Xpeng is not expected to report a profit in 2022 or 2023. The stock trades at 227.6 times estimated 2024 EPS of $0.10. The stock’s 52-week range is $18.01 to $56.45. Xpeng does not pay a dividend, and total shareholder return for the past year is negative 14.6%.
Zoom Video
Over the past 12 months, shares of Zoom Video Communications Inc. (NASDAQ: ZM) have dropped by almost 71%. Since posting a 12-month high in early July of last year, the stock is down by 77%. The company has so far failed to convince investors that it has a plan for growth that doesn’t include a pandemic and a lot of free money sloshing around for people to invest. Zoom’s outlook is further fogged by having to face Microsoft as its chief competitor. The company reports results late Monday.
Analysts are showing mixed sentiment on the stock, with 15 Hold ratings, 10 Buy ratings and four Strong Buy ratings out of a total of 30 brokerages covering the stock. At a share price of around $90.90, the upside potential based on a median price target of $150.00 is 65%. At the high price target of $295.00, the upside potential is 225%.

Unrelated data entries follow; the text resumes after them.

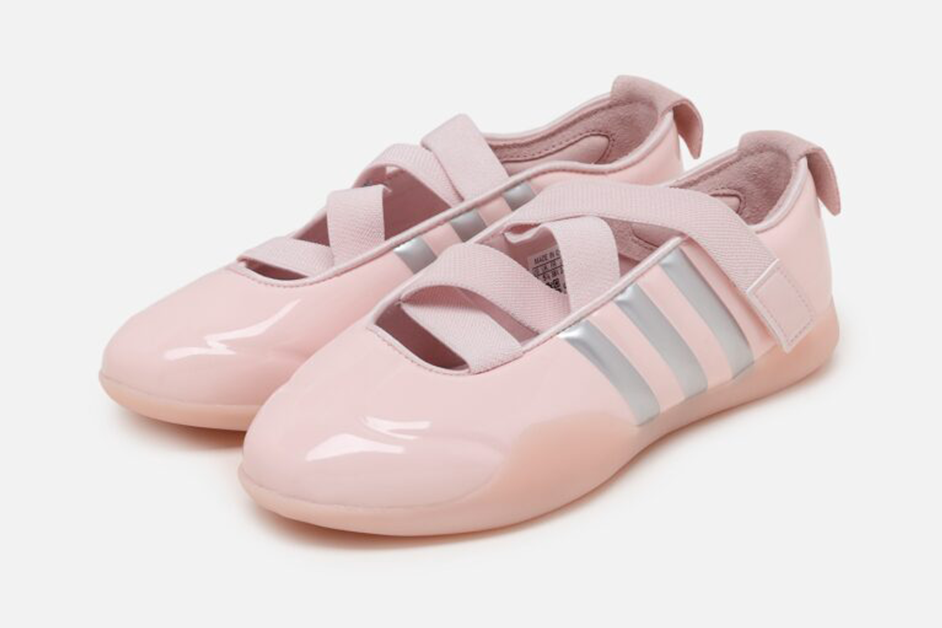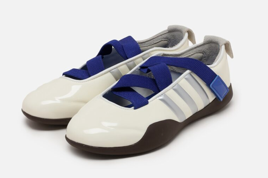 La collaboration entre la créatrice New-Yorkaise Caroline Hu et adidas réinvente la sneaker avec une touche de grâce et de romantisme. Connue pour son univers vaporeux et féminin, la créatrice apporte à la marque allemande une esthétique inspirée du ballet. Sa dernière création — une version revisitée de la adidas Taekwondo — se transforme en sneaker-ballerine, mêlant l’élégance d’un chausson de danse à la structure sportive d’une basket. Les brides élastiques croisées rappellent les rubans des ballerines, tandis que les teintes pastel (rose, crème, noir) et les finitions satinées accentuent le raffinement. Cette approche poétique, déjà esquissée dans ses Sambas en satin et à volants, brouille les frontières entre couture et streetwear, donnant naissance à des modèles à la fois délicats, audacieux et très mode. Disponibles au prix de 160€ courant octobre chez Naked.
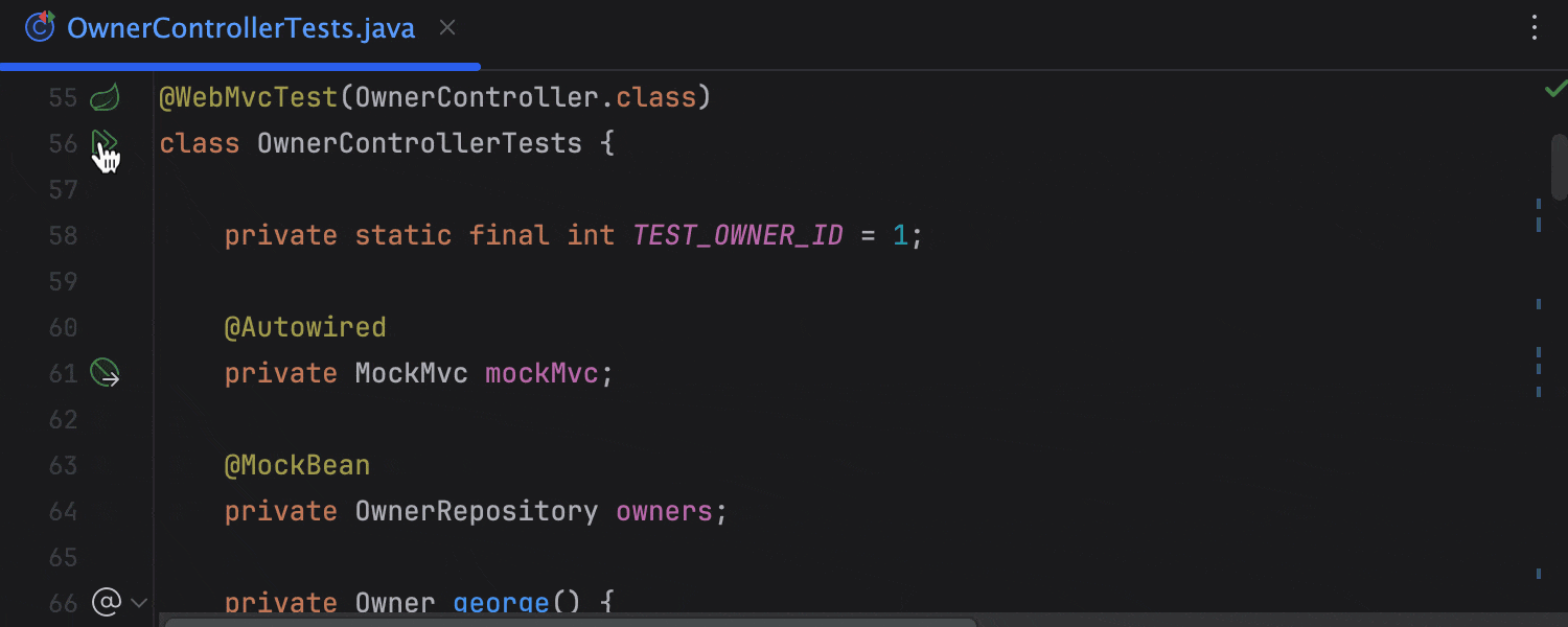 IntelliJ IDEA 会将带有 Spring 测试注解的类识别为测试,并帮助您从编辑器运行。 此外,您可以直接从 Services(服务)工具窗口轻松启动一系列测试。
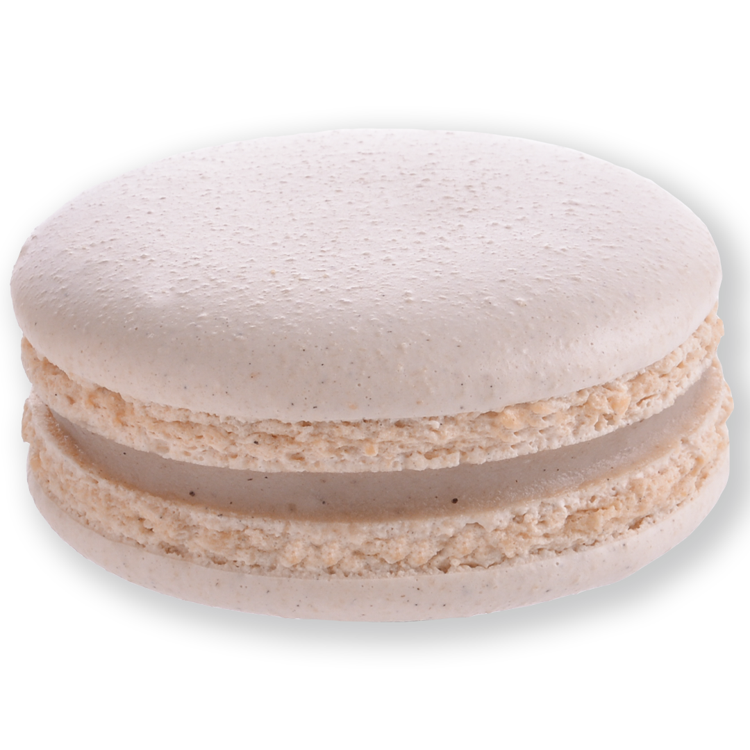 Ingrédients : fourrage 39% : eau, graisse végétale biologique (huile de coprah, huile de tournesol), sucre, dextrose, sirop de glucose (sirop de glucose, conservateur (bisulfite de sodium)), amidon, fécule de pomme de terre, gélifiant (pectine, saccharose), gousse de vanille < 0.1%, acide citrique. Coque macaron 61% : sucre, poudre d’AMANDE, eau, protéine de pomme de terre (protéine de pomme de terre, conservateur (bisulfite de sodium)), gousse de vanille, stabilisant : gomme xanthane.
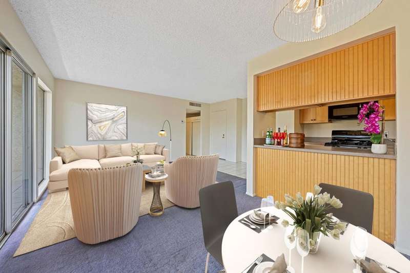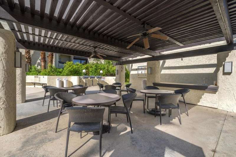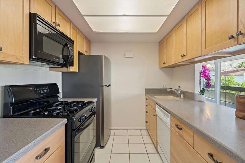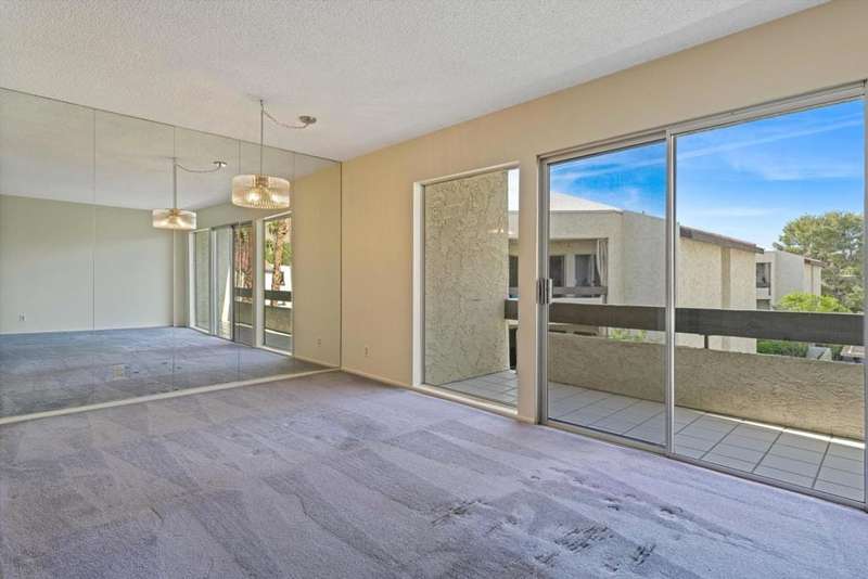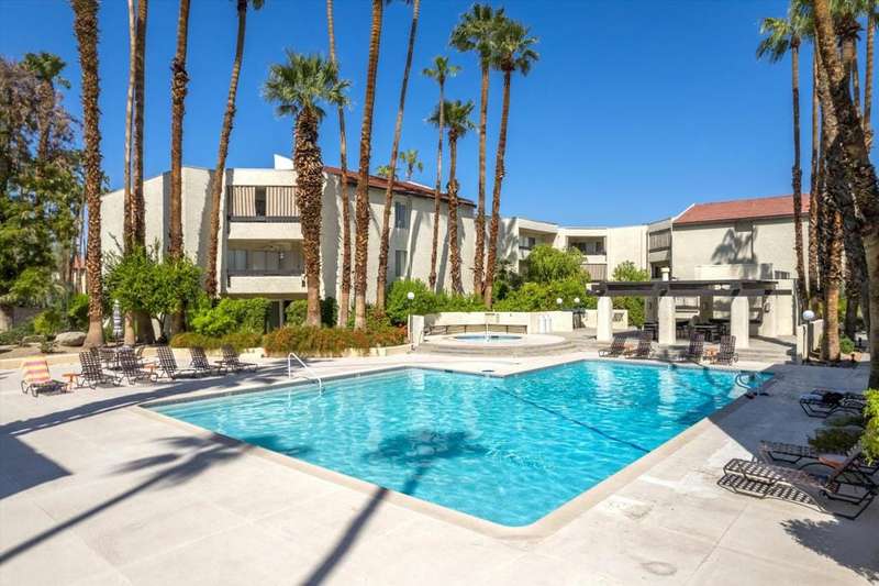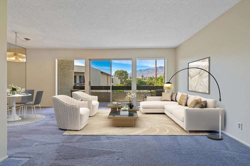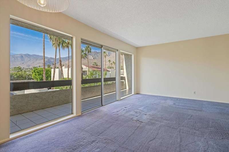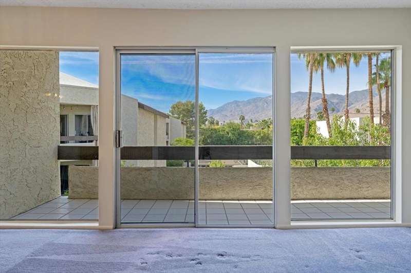 Views Views Views of Indian Canyons from your living room, bedroom and balcony in this top floor condo at the Biltmore Phase III in beautiful South Palm Springs. The carpeted living area and bedroom both have sliders to access the balcony. The large bedroom features a wall of reach-in closets with sliding mirror doors with additional closet storage in the hallway. The bathroom accessible from both the hallway and the bedroom has a bathtub/shower.Updated galley style kitchen with tile flooring with a pass thru for entertaining to the dining area. Entire condo refreshed with new paint throughout and new vertical window blinds. HVAC system was replaced. Perfect for full-time, second home or investment/vacation rental (30-day rental or longer allowed). One pet allowed. Features: one assigned carport, storage locker, community laundry rooms on each floor, building intercom access and lots of guest parking. The HOA has recently completed several major projects: resurfaced the roofs, replaced the elevators, new fire alarm system, new common area AC chillers and fans and resurfaced the spa. Starting 9/30/25 HOA fee will include Frontier high speed internet for 1-year.Relax in the inviting and refreshing pool and spa with mountain views. Enjoy entertaining and outdoor dining in the HOA cabana with misters and BBQs.Close to downtown Palm Springs, near Del Rey at the Villa Royale, Koffi, Kings Highway, The Reef Bar, Sancho's Mexican, Elmers, El Mirasol, Mr. Lyons, Kreem Ice Cream. Palm Springs living at its Best! Photos with furniture are virtually staged.
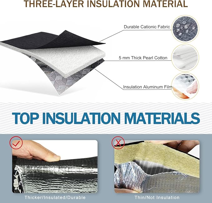 - √[Thermal Material] The outer part of the lunch bag is made of durable cationic fabric, and the inner part is made of aluminum foil + 5mm pearl cotton, which is an insulation material, 100% non-toxic, no BPA. The heat insulation lining make this thermal lunch bag can keep food and beverages cold/hot/fresh about 6 hours.
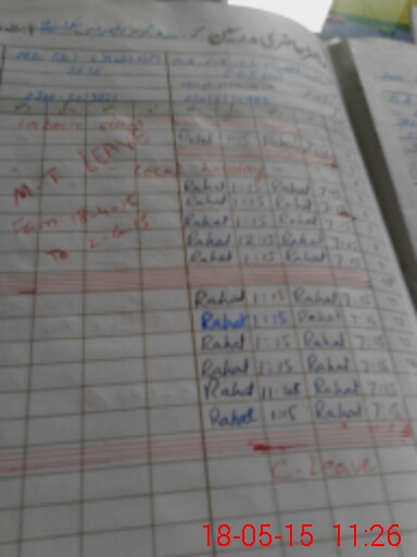 | Monitoring Date: 18-05-2015 | Start Time: 18-05-2015 10:39 AM | End Time: 18-05-2015 11:28 AM | Name of MEA: AH**** NA**** (r**** | |

First-quarter revenue is forecast at $1.07 billion, up 0.2% sequentially and 11.9% year over year. Adjusted EPS are pegged at $0.88, down 32.1% sequentially and 33.3% lower year over year. For the full 2023 fiscal year ending in January, current estimates call for EPS of $4.08, down 29.3%, on sales of $4.54 billion, up 10.8%.
The stock trades at 25.4 times expected 2023 EPS, 22.3 times estimated 2024 earnings of $4.08 and 21.7 times estimated 2025 earnings of $4.19 per share. The stock’s 52-week range is $79.03 to $406.48. Zoom does not pay a dividend, and total shareholder return for the past year is negative 70.7%.